=== Supplied information ===

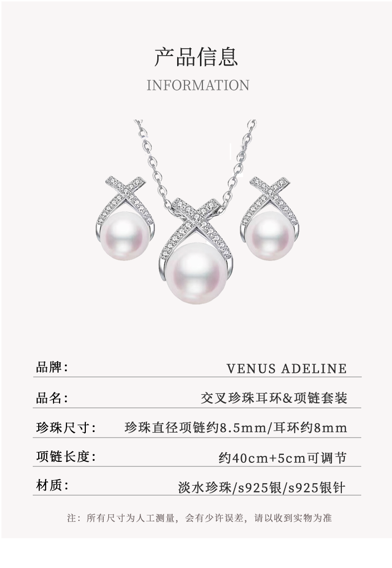 VENUS ADELINE淡水珍珠项链套装银单颗吊坠气质年轻妈妈锁骨链女友生日七夕礼物 项链-情人节生日礼物送女友老婆 银项链送长辈实用浪漫纪念日礼盒
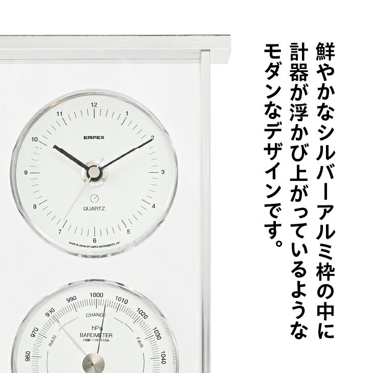 【ふるさと納税】【10月1日より価格改定】 スーパーEXギャラリーS気象計・時計 EX-953 みずさわ気象計器 温度計 湿度計 気圧計 健康管理 気象病対策 気象観測 モダン インテリア 縦置き 横置き 卓上用 シルバーアルミ枠 [AJ072]
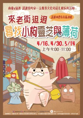 各區最新消息, 最新消息, 神農街區南臺x協進 認識我的家 五條港文化幼苗扎根教育活動|來老街𨑨迌-尋找小枸靈芝與薄荷街區遊戲 南臺科大usr計畫文化底蘊的在地創生與傳播-府城vs月津 攜手協進國小附設幼兒園師生一起「認識我的家」! 這次活動將要在神農街區體驗 街區遊戲,跟著小枸、靈芝、薄荷一起闖關解謎! 活動時間|共3場 2024年4月16日上午9:00-11:00 2024年4月30日上午9:00-11:00 2024年5月14日上午9:00-11:00 2023神農街幼兒文化快閃活動 南臺科大文化底蘊USR團隊與台南市文化協會攜手舉辦「七龍珠合體」主題燈展《2024/1/24》

===

Task brief: What is needed is a word-for-word copy of the data, minus its pictures.

Solution to the exercise:
 VENUS ADELINE淡水珍珠项链套装银单颗吊坠气质年轻妈妈锁骨链女友生日七夕礼物 项链-情人节生日礼物送女友老婆 银项链送长辈实用浪漫纪念日礼盒
 【ふるさと納税】【10月1日より価格改定】 スーパーEXギャラリーS気象計・時計 EX-953 みずさわ気象計器 温度計 湿度計 気圧計 健康管理 気象病対策 気象観測 モダン インテリア 縦置き 横置き 卓上用 シルバーアルミ枠 [AJ072]
 各區最新消息, 最新消息, 神農街區南臺x協進 認識我的家 五條港文化幼苗扎根教育活動|來老街𨑨迌-尋找小枸靈芝與薄荷街區遊戲 南臺科大usr計畫文化底蘊的在地創生與傳播-府城vs月津 攜手協進國小附設幼兒園師生一起「認識我的家」! 這次活動將要在神農街區體驗 街區遊戲,跟著小枸、靈芝、薄荷一起闖關解謎! 活動時間|共3場 2024年4月16日上午9:00-11:00 2024年4月30日上午9:00-11:00 2024年5月14日上午9:00-11:00 2023神農街幼兒文化快閃活動 南臺科大文化底蘊USR團隊與台南市文化協會攜手舉辦「七龍珠合體」主題燈展《2024/1/24》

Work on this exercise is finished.